Community Web sites like MySpace and LiveBluesWorld have become the jungle telegraph for these bands and their fans, as well as more traditional outlets like college radio and fanzines. But the human nexus for hundreds of these groups is an unassuming music fan from Minnesota named Chris Johnson. As the founder and driving wheel of the Deep Blues Festival, which will convene for its third year July 15 through 19 in Minneapolis, he is in regular touch with the new generation of underground blues bands and their fans throughout the world.
“The blues is not dead, and there’s a lot of potential for the blues to grow and be a thriving genre again,” said Johnson. “The variety and musicianship of the bands that have played the festival is amazing — from one-man bands to goth country blues to apocalypse blues to all kinds of duos and hybrids. Jack White, when he did Son House’s ‘Death Letter’ years ago with the White Stripes, was one of the first of the younger guys to really incorporate elements of dissonant, punk-informed rock into blues. Now there are people doing this in every corner of the western world.”
The one common denominator these musicians share is a love for the blues albums produced in Mississippi in the ’90s by the Fat Possum label. Those recordings, especially the early albums by R.L. Burnside and Junior Kimbrough, capture a form of the music rarely heard before Fat Possum made recording contemporary North Mississippi and Delta artists its mission.

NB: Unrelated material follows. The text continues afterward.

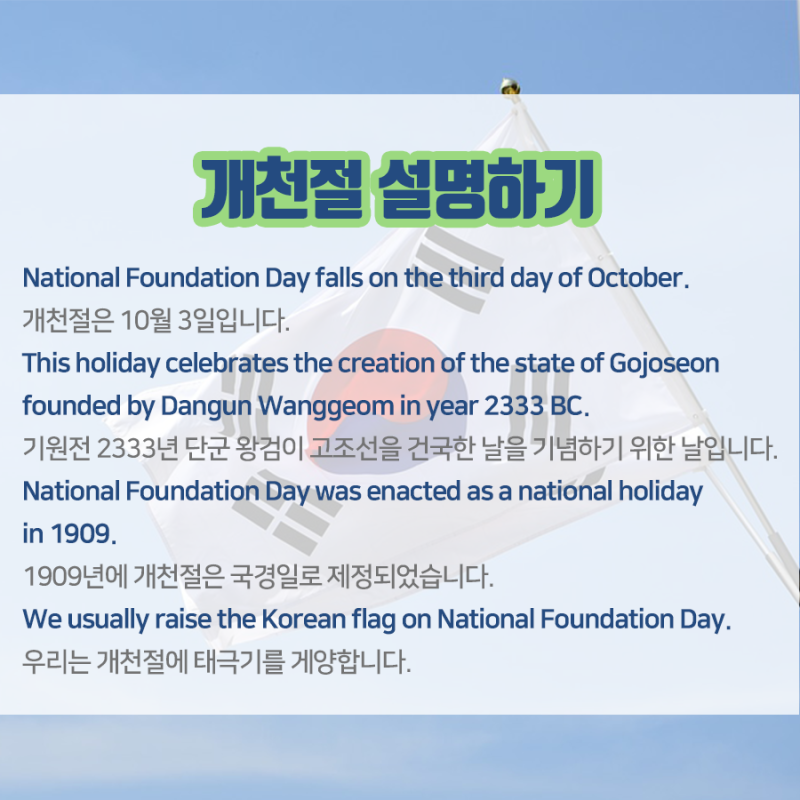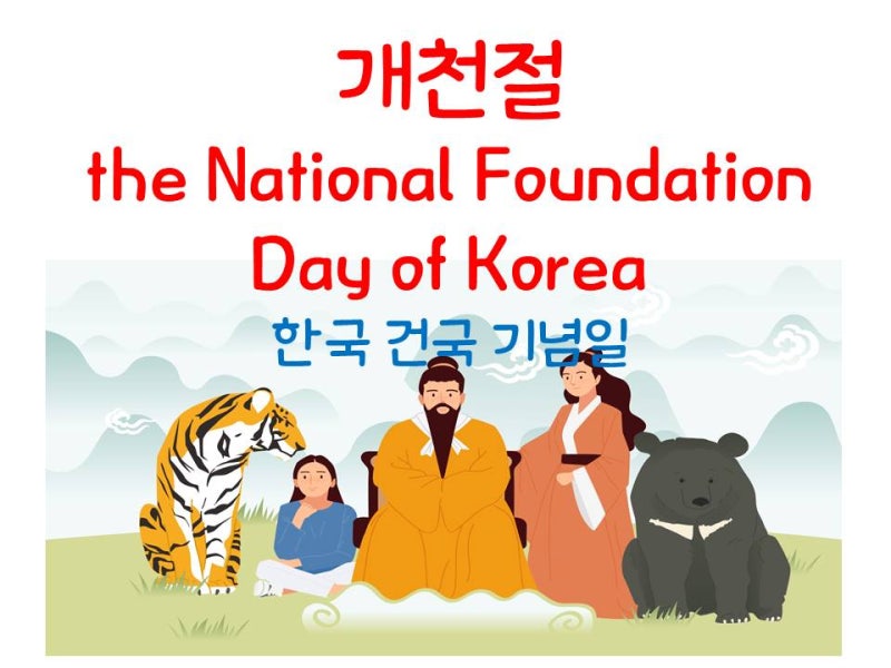The National foundation Day of Korea. 개천절 영어로 the National foundation Day of Korea 랍니다. 개천절 영어로 개천절 관련 영어표현모음 안녕하세요 여러분.

“What excited me about this music was that it was so different,” said Johnson. “It was raw and immediate and went all the way back to the roots, and artists like R.L. and Junior had so much character.”
And yet, because of the music’s deep roots, its primal link to popular rock and roll was also obvious, so Johnson, like many others, was able to make the connection between bands he’d grown up hearing, like Z.Z. Top, to the rhythmically intense sounds of Kimbrough and Burnside.

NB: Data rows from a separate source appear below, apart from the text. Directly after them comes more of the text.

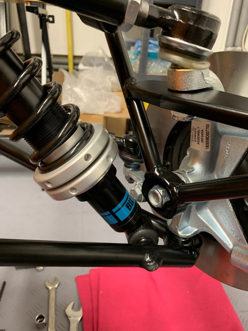 Once I retrieved the top hat from the freezer, I inserted it into the lower wishbone spherical bearing, before the upright was lowered into the lower wishbone spherical bearing. Be careful not to push the top hat out of the bearing. Next, I fitted and tightened the 1/2” UNF nut to the lower wishbone / upright, while the top hat was still cold, to pull it into its final position. Hold the upright at all times so it doesn’t fall.
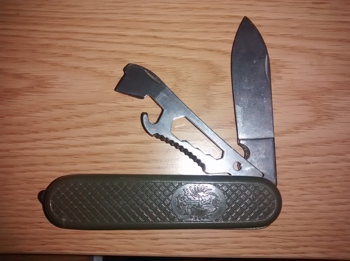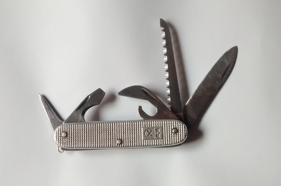La tengo desde hace treintaytantos años, fue un regalo de Reyes cuando tenía 11 o 12 años, y en mi infancia y adolescencia rural la di mucho uso, he cortado con ella muchos palos, cuerdas, perforado cuero, hojalata, sacado balas de árboles, se me cayó de un tercer piso arreglando una persiana, etc, etc ... y también mis dedos tienen muchas marcas de todas las veces que me corté con ella, tiene las señales de haberla dado mucho uso pero está en buen estado ...
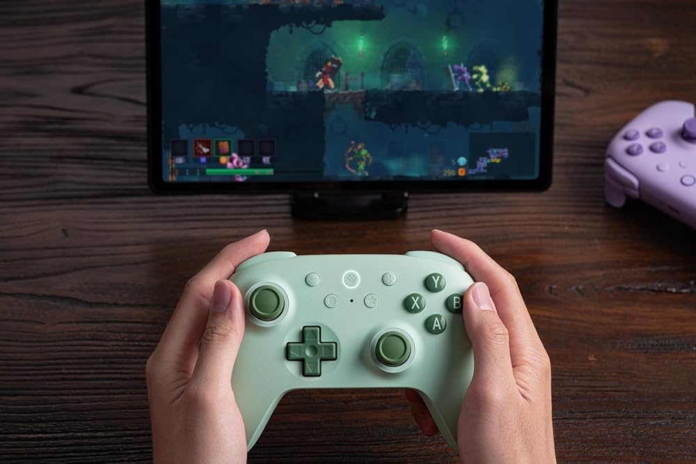 وحدة تحكم لاسلكية 8Bitdo Ultimate 2C لأجهزة الكمبيوتر التي تعمل بنظام Windows وAndroid، مع معدل اقتراع 1000 هرتز، وعصا التحكم ذات تأثير Hall ومشغلات Hall، ومصدات L4/R4 قابلة لإعادة التعيين (أخضر)

Next came his discovery of artists like the Black Diamond Heavies, Scott H. Biram, and Bob Log — younger independents making music under the influence of Kimbrough, Burnside, and their hill country kin, including Jessie Mae Hemphill and Othar Turner. So Johnson, a former insurance man, was inspired to become a festival promoter.
“I have no other experience promoting shows, so it’s been a real learning experience and I’ve made mistakes,” said Johnson, “but I’ve also had hundreds of people shake my hand and thank me for doing this, so I know this music is really reaching people.”

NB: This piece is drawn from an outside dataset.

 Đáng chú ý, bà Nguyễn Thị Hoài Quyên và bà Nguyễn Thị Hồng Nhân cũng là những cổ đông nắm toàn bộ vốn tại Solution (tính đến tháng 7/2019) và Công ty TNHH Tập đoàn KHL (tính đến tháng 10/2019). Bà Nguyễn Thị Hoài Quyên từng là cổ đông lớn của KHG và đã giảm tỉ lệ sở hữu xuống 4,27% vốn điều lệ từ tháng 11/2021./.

This new, raw strain of hybrid blues offers deep roots to fans of traditional music. And while Burnside, Kimbrough, Hemphill and Turner are now dead, T-Model Ford, Kenny Brown, Elmo Williams and Hezekiah Early, and a handful of other Mississippians soldier on.
To younger audiences raised on indie-rock, “this music is different from the Chicago blues, 12-bar shuffles and Stevie Ray Vaughan imitators they grew up hearing,” said Johnson. “It’s raw, primal and exciting, and it moves you with its honesty. If people are willing to open themselves up to something different, they’ll be rewarded.”